Après Wroclaw de nuit qui nous a déjà beaucoup plu, nous allons découvrir Wroclaw de jour. Mais d’abord nous petit-déjeunons avec Radeck, qui nous prépare un smoothie plein de vitamines. Alors qu’il nous avait paru un peu taciturne et fuyant la veille, il se révèle un hôte tout à fait charmant ce matin. Nous discutons un peu, puis harnachons nos vélos pour une balade au centre-ville. Comme la veille, nous ne manquons pas de remarquer que la ville compte un nombre incroyable de parcs, tous aussi tranquilles les uns que les autres, et dans lesquels Victor aperçoit même un renard. Nous pouvons faire les sept kilomètres depuis chez Radeck au centre-ville presque uniquement en passant par ses parcs, ce qui est bien agréable, puisque, encore une fois, la canicule est là.

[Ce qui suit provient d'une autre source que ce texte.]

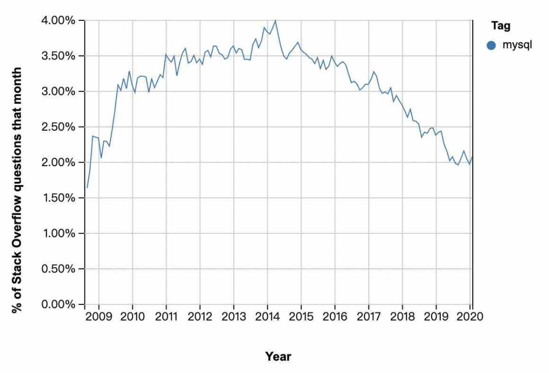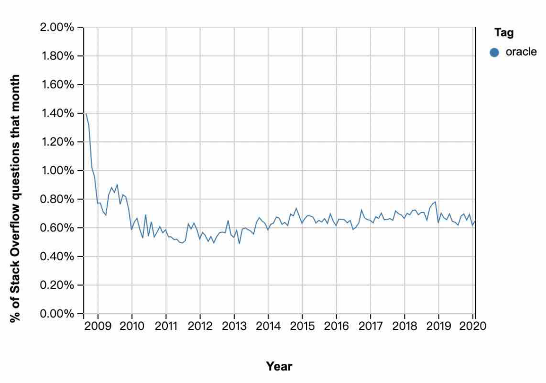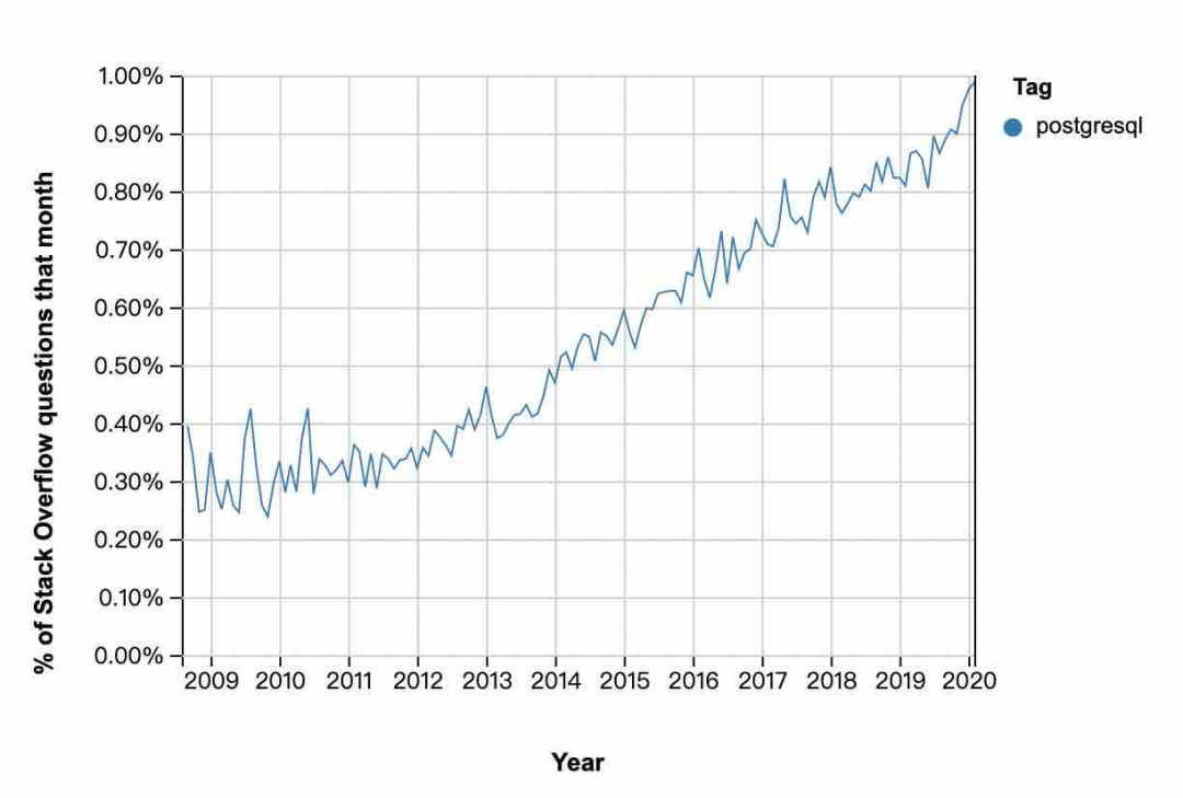 全球最大搜索引擎google, 全球最热开发者问答社区显示, 过去5年PG处于上升趋势, 招聘JOB人数最多. 相比而言Oracle以及被Oracle收购的MySQL都处于下降趋势.

Cette immense fontaine non loin de ces immenses dômes offre un agréable rafraichissement

Cette ville très verte, comme hier, nous séduit, par ses grandes allées bordées d’arbres, son architecture contrastée et la manière dont elle se construit autour du fleuve. Nous remarquons un nombre incroyables d’endroits très tranquilles, où il fait bon chiller ou boire un verre.

Wroclaw a une histoire très particulière, puisqu’elle a longtemps été allemande à la suite de l’annexion de la Silésie par l’Allemagne puis par la Prusse. Jusqu’à la seconde guerre mondiale, elle s’appelait d’ailleurs Breslau (et Ratislavie en français). A l’issue de la guerre, la ville est redevenue polonaise, les allemands ont été expulsés et remplacés par des polonais eux-mêmes issus d’une ville aujourd’hui située en Ukraine, Lwow (hé oui, c’est compliqué ces histoires de frontières).

Ci dessous: la grande place de Wroclaw et ses bars pour le moins bien décorés

Après un grand tour du centre-ville et de sa périphérie avec les vélos, au long de pistes cyclables bien aménagées, nous nous arrêtons à un restaurant traditionnel, pour découvrir de nouveaux pierogis et aussi un plat local, le bigos (choux cuisiné avec de la viande et des champignons).

Nous ne devons pas trop nous attarder, un train nous attends pour nous amener à Varsovie, où nous allons continuer nos visites culturelles et laisser un peu de côté nos vélos.

5 réflexions au sujet de « Jour 18 à 20 : de Jelenia Gora à Worclaw, voyage en Silésie »

  1. Salut les loulous

    Chaque jour son lot de suspense et de péripéties, on s’ennuie pas à ce que je vois ! Cécile je crois que nos portes bagages sont connectés le mien a fait des siennes aussi hier.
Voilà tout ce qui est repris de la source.